= Djondjon =

Haitian edible black mushroom

Djondjon (also spelled djon djon or djon-djon) is the common name for black edible mushrooms used as a delicacy in some Haitian dishes, such as diri djondjon. The name djondjon does not refer to a single species of mushroom, but is rather a colloquial name for a group of several edible, taxonomically distinct species. However, some researchers suggest that the most common species is Psathyrella cf. hymenocephala. Species from Cantharellus and Inocybe have also been identified in dried mixtures sold in Haitian markets.

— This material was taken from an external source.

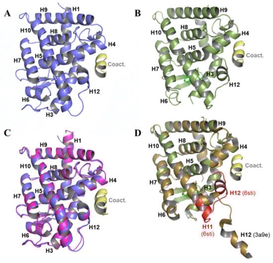 3D crystal structure of RARβ and RXRα LBDs in complex with LG754 and a coactivator peptides. (A) cartoon representation of RARβ LBD. Helices are numbered from H1 to H12, the latest being the activation helix that adopts the agonist conformation. The coactivator peptide (SCR1 NR2) bound to the surface formed by H3, H4, and H12 of RARβ is shown in yellow. The ligand LG754 is shown by stick representation; (B) cartoon representation of RXRα LBD. The coactivator peptide (TIF2 NR2) bound to the protein is shown in yellow; (C) superposition of the two complexes of RARβ LBD bound to LG754 and coactivator peptide observed in the asymmetric unit; (D) superposition of our complex of RXRα LBD bound to LG754 and coactivator peptide (same as in B) with the crystal structure of RXRα LBD bound to LG754 in the context of the heterodimer RARα-RXRα [] (PDB code 3a9e). In the latest structure, the activation helix H12 adopts an antagonist position protruding outside the LBD, whereas, in the present structure (PDB code 6sti), helix H12 (shown in red) folds back on the LBD in the agonist position.
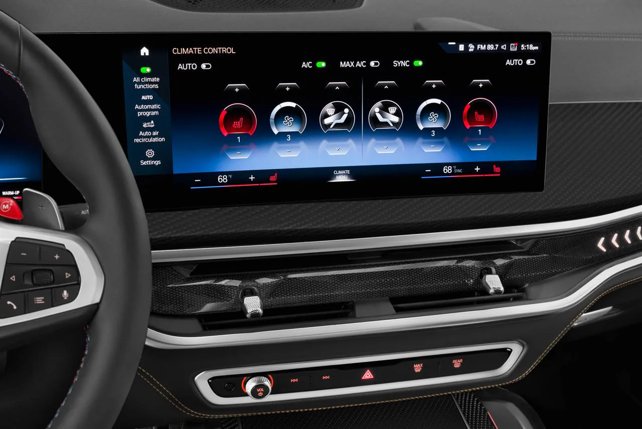 El sistema de infoentretenimiento del vehÃculo tiene una curva de aprendizaje, pero pronto lo puedes entender. Sincronizar un smartphone es sencillo y el Bluetooth se conecta rápidamente. El X6 M tiene conectividad inalámbrica para Apple CarPlay y Android Auto, lo que significa que puedes sincronizar las aplicaciones de tu teléfono con el sistema de infoentretenimiento sin necesidad de usar cable, tiene varios puertos USB-C en las filas delantera y segunda para mantener a todos cargados, y la base de carga inalámbrica funciona muy bien.

The mushrooms can be found on the marketplace in some western stores, though reportedly they are sold at high prices — Gene Yetter of the New Jersey Mycological Association and New York Mycological Society reported that he found them being sold dried in New York for around US$1 for a quarter of an ounce.

==Use in cooking==
When cooked, djondjon mushrooms give the dish that they are in an "exquisite color, taste, and aroma." Before cooking, the inedible stems are removed from the dried mushrooms and the caps are used. Djondjon are often served with rice and a meat such as pork, or fish. Boiling the mushrooms releases a grayish-black color into the water, which can then be used to flavor and color the rice they are served with, giving it a black color. Dishes utilizing the mushroom are often served in Haiti on special occasions, such as birthdays, weddings, or on Christmas. Haitians living abroad will often seek out the mushroom for use in cooking in grocery stores located in areas with a large Haitian population, though sometimes they may use a flavored bouillon cube produced by the German company Maggi instead.